Livro infantil tem nova técnica em braille
Coleção põe no mercado método diferente de impressão de livros para deficientes visuais, com desenhos em alto relevo, texturas e aromas
Cristiane Rogerio
Adélia acordou com fome. Mas é domingo, a mamãe e o papai estão dormindo. Adélia faz bastante barulho, para ver se eles acordam. Bate com o pé no chão e nada. Abre e fecha a porta e nada. Balança o chaveiro e nada. Qual o pai e a mãe de filho pequenos que não viveu essa situação?

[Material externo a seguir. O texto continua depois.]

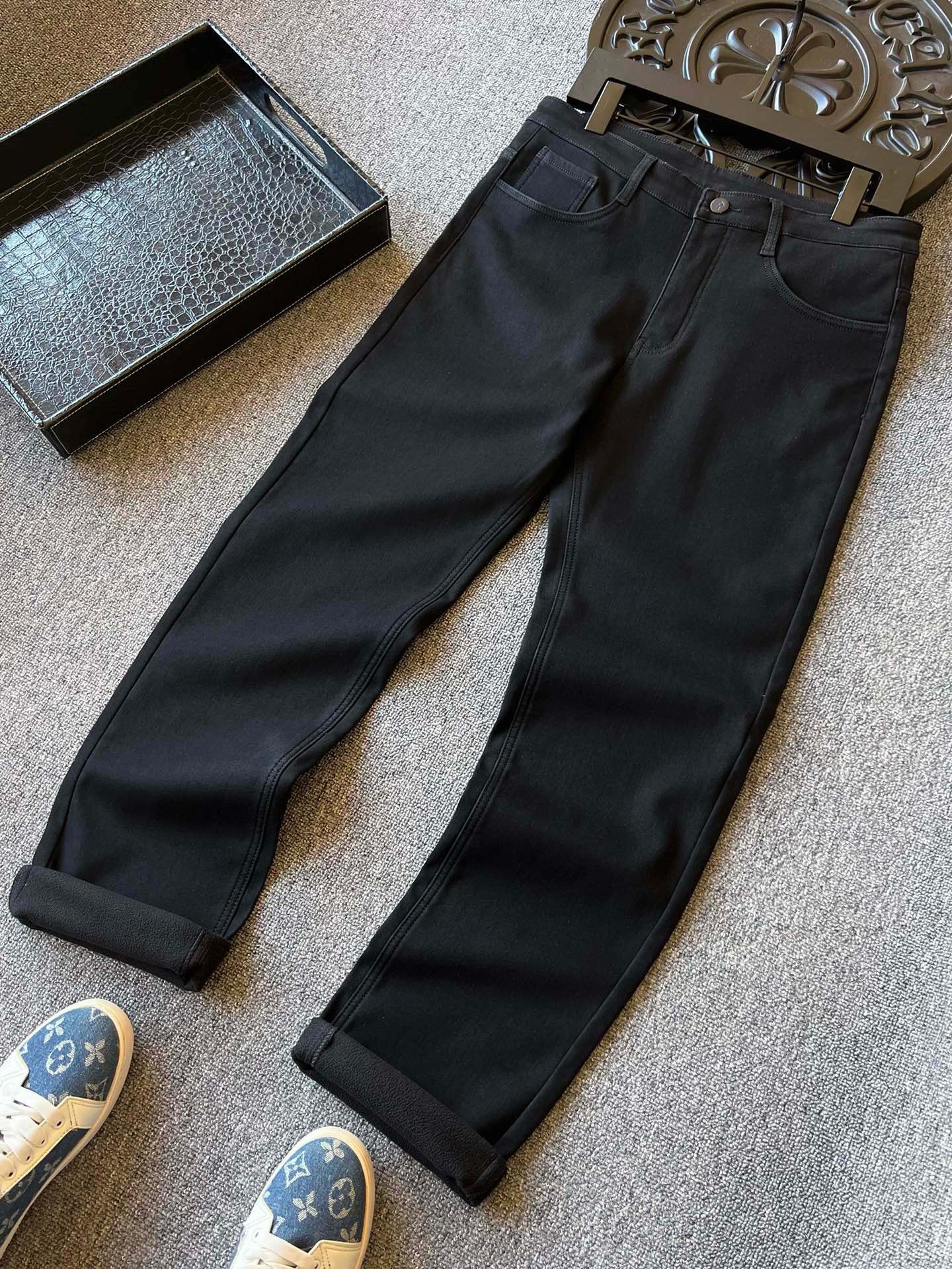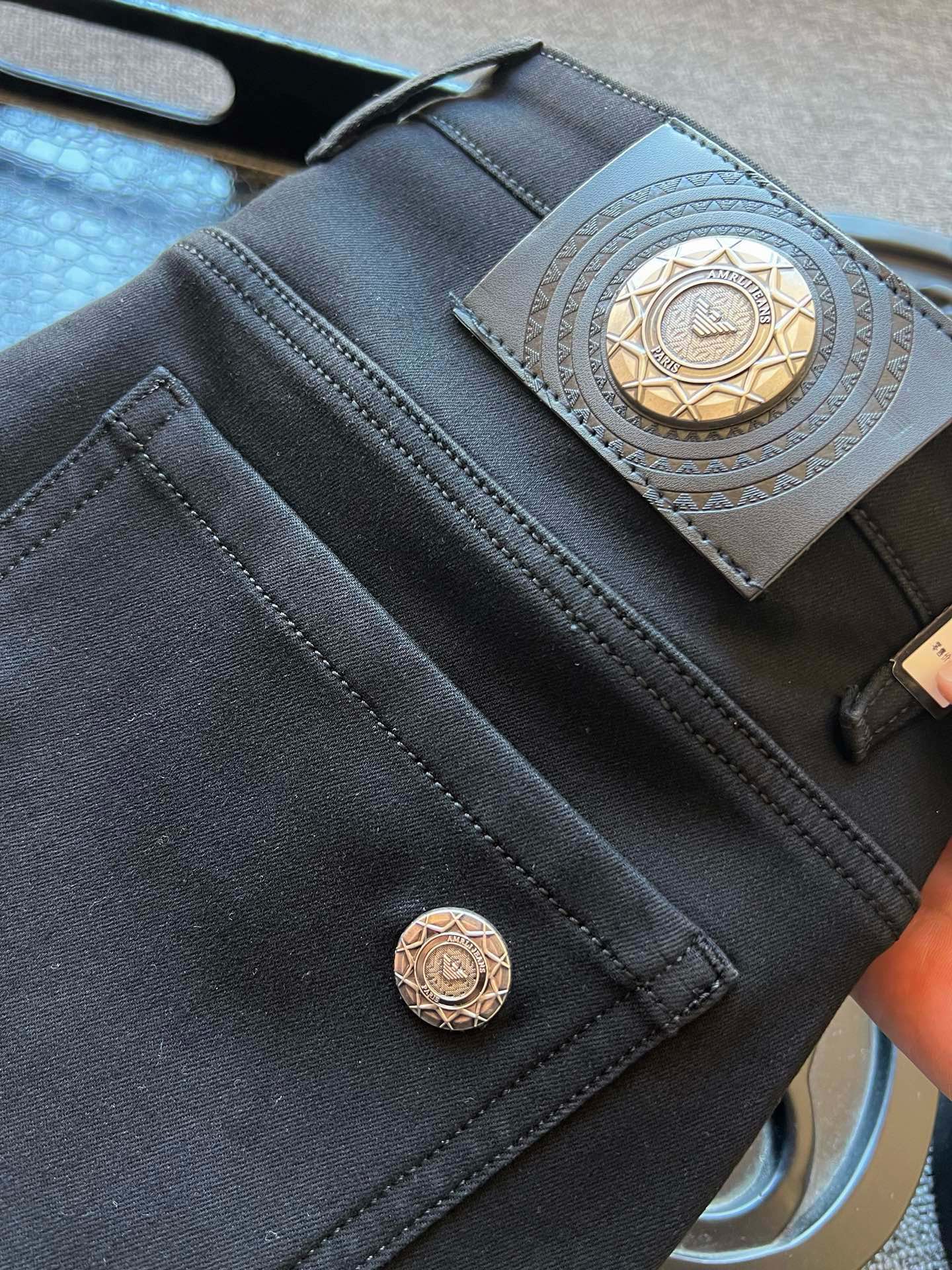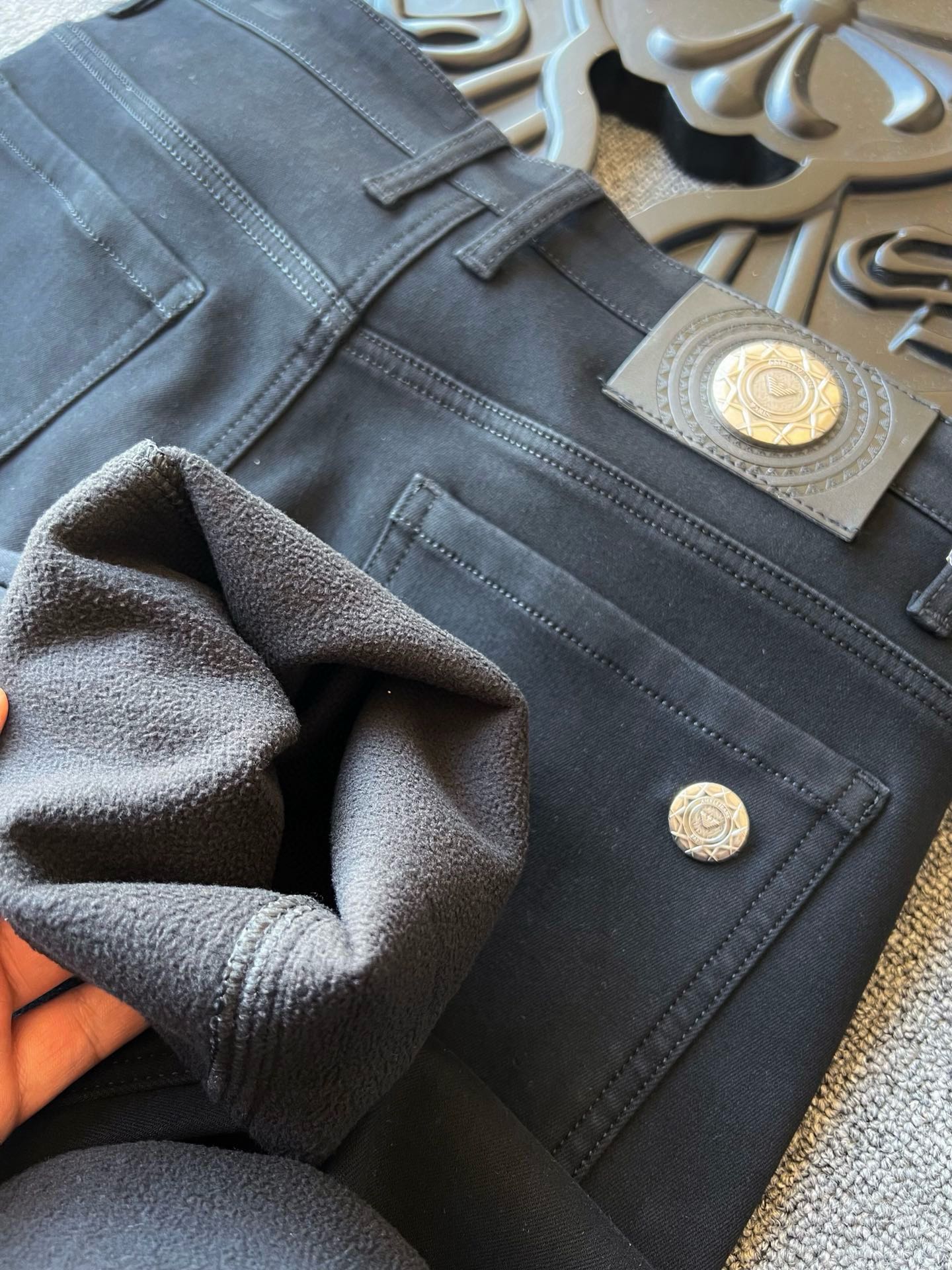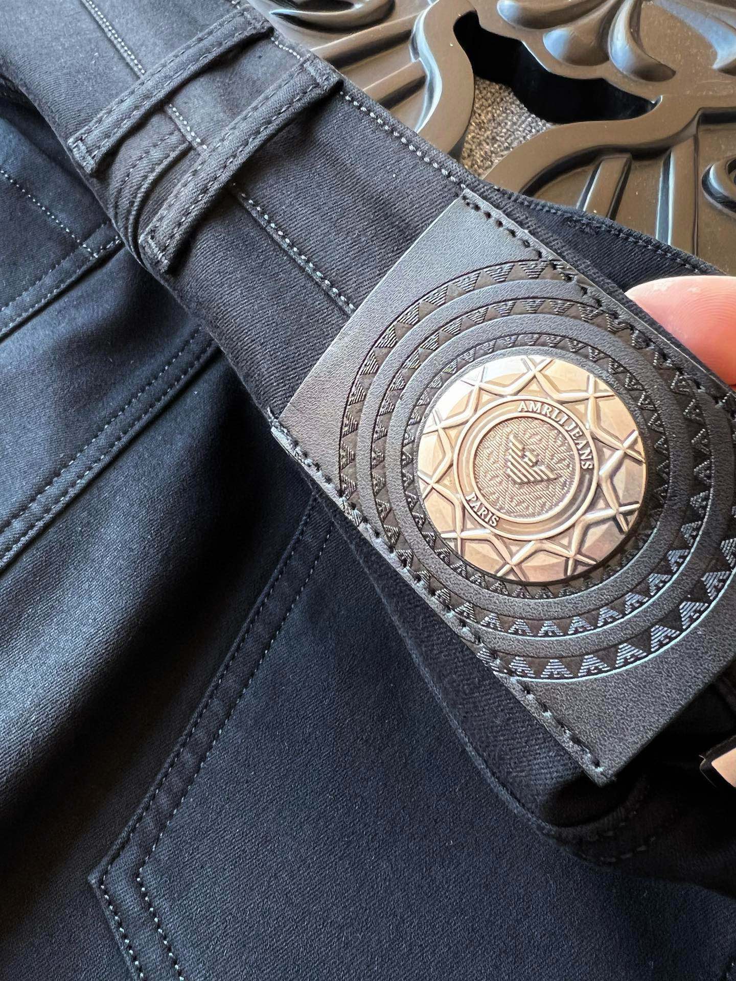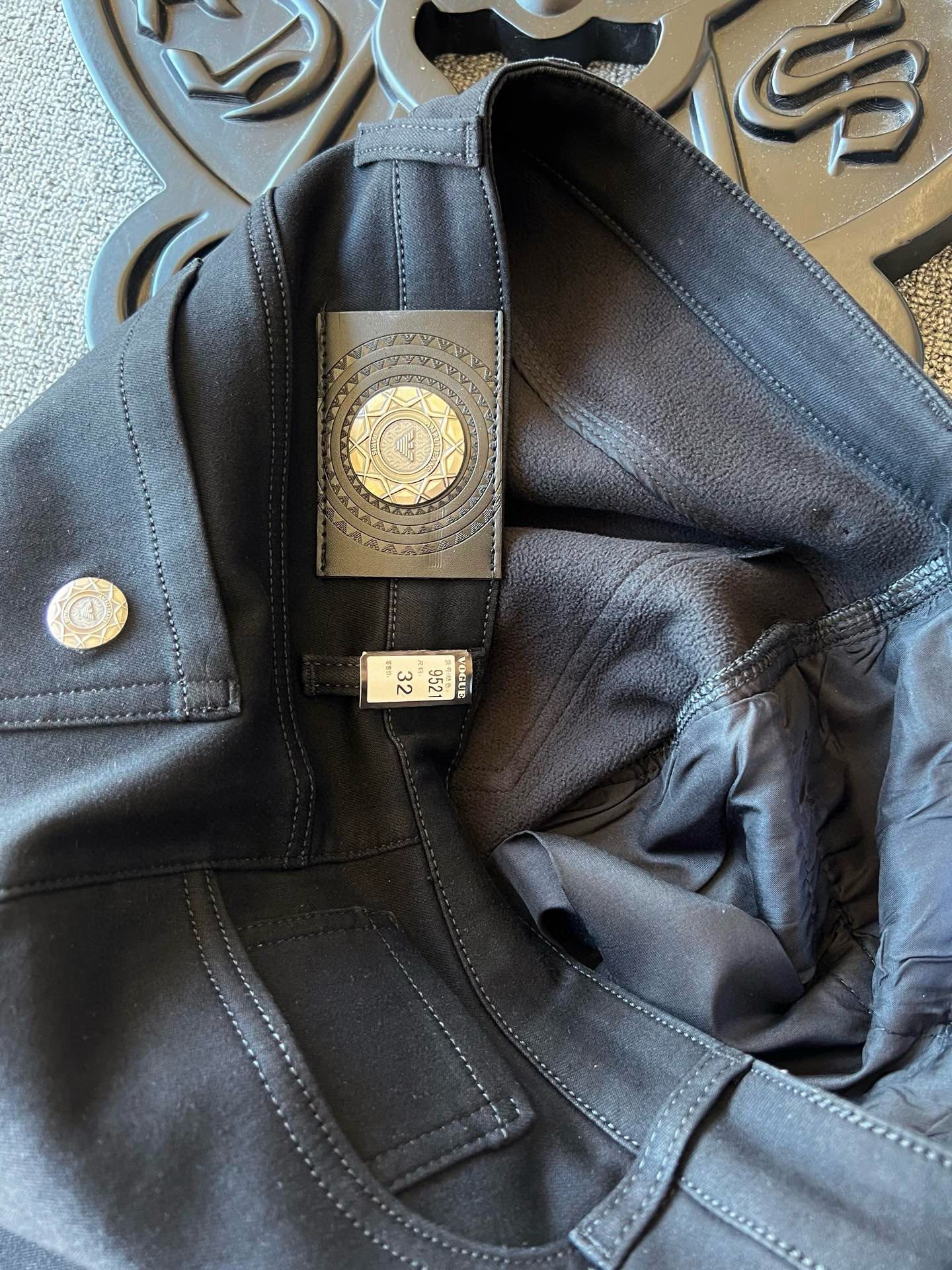 细节细节再细节 Armani家专柜新品加绒加厚牛仔长裤 全身精致简约设计 上衣轻松随意配 裤后腰牌精致阿玛尼压花金属皮标 口袋镶嵌原标阿玛尼金属点缀 内里精工包边包条 无可挑剔

E como é bacana encontrar em um livro infantil uma história assim, simples e boa da família se identificar? Mas no livro Adélia Cozinheira, escrito por Lia Zat e com ilustrações de Luisa Weiss, há algo além de um bom roteiro: o livro foi idealizado e publicado por um novo método de impressão em braille que vai permitir a edição em grandes tiragens, e é adequada tanto para quem é totalmente cego, quanto para quem tem visão subnormal ou normal.
Tudo começou quando a escritora Lia Zatz conheceu um pai em uma livraria que procurava livros para sua filha deficiente visual. Lia começou a pesquisar o assunto no Brasil até que uma amiga em comum apresentou-a a designer gráfica Wanda Gomes, que também estudava o mesmo assunto. A coincidência aproximou as duas e em 2006 elas começaram os testes com o apoio técnico da Efeito Visual Serigrafia, uma gráfica de renome em São Paulo. “Esses testes eram sempre levados à apreciação das várias instituições, profissionais e educadores na área da deficiência visual. Em paralelo, fiz um curso de pós-graduação em design gráfico e os fundamentos teóricos me deram a segurança necessária para seguir em frente com o projeto de design e do sistema que batizamos de Braille.BR”, diz Wanda Gomes.
Adélia é o primeiro livro de uma coleção. Na história, a pequena Adélia vive momentos de autonomia em casa tentando preparar um café da manhã de surpresa para os pais. Além do texto em braille, a ilustração também permite à criança descobrir do que o texto está falando, com desenhos em alto relevo, texturas e aromas (dá para sentir o cheiro de xampu em uma das páginas!). O livro recebeu incentivo da IBM Brasil através da Lei Rouanet, Ministério da Cultura, e, por enquanto, será distribuído em escolas e bibliotecas que atendam deficientes visuais. Wanda conversou com CRESCER.
CRESCER: Como é o mercado de livros em braille pelo mundo?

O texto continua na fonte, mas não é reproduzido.